= Beginning of Section =

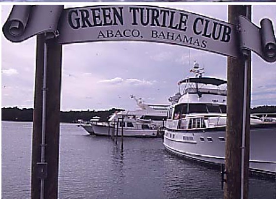
I marinan på Green Turtle Club ankrar lustyachter och segelbåtar. Sommartid är det trängsel för då anordnas fisketävlingar och regattor över hela Abaco.
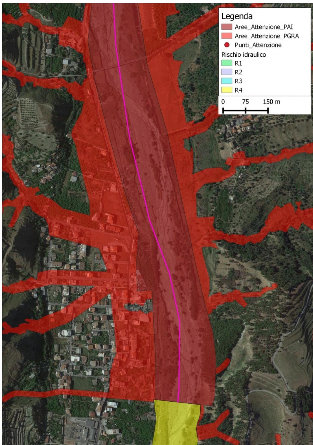
Piano Stralcio di Assetto idrogeologico dell'ex ABR Calabria - comune di Melito di Porto Salvo (RC) – Fiumara di Melito - Stralcio della mappa del rischio vigente
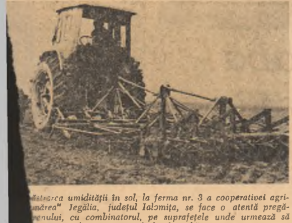
Lucrătorii ogarelor sînt punic mobilizați în aceste zile de cîntarea semănturilor de primăvară...
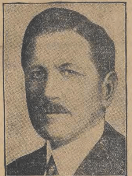
HURLEY nowomianowany amerykański sekretarz stanu dla spraw wojskowych.

Prenumerata W Łodzi 2,90 miesięcznie.—Zamiejscowe 3,50 zł. miesięcznie.—Zagranicą 5,60 zł. miesięcznie. Odnoszenie do domów 40 groszy.

= End of Section =

**Task to complete:** Your answer must be the entries repeated exactly, with no pictures.

**Result below:**
I marinan på Green Turtle Club ankrar lustyachter och segelbåtar. Sommartid är det trängsel för då anordnas fisketävlingar och regattor över hela Abaco.
Piano Stralcio di Assetto idrogeologico dell'ex ABR Calabria - comune di Melito di Porto Salvo (RC) – Fiumara di Melito - Stralcio della mappa del rischio vigente
Lucrătorii ogarelor sînt punic mobilizați în aceste zile de cîntarea semănturilor de primăvară...
HURLEY nowomianowany amerykański sekretarz stanu dla spraw wojskowych.

Prenumerata W Łodzi 2,90 miesięcznie.—Zamiejscowe 3,50 zł. miesięcznie.—Zagranicą 5,60 zł. miesięcznie. Odnoszenie do domów 40 groszy.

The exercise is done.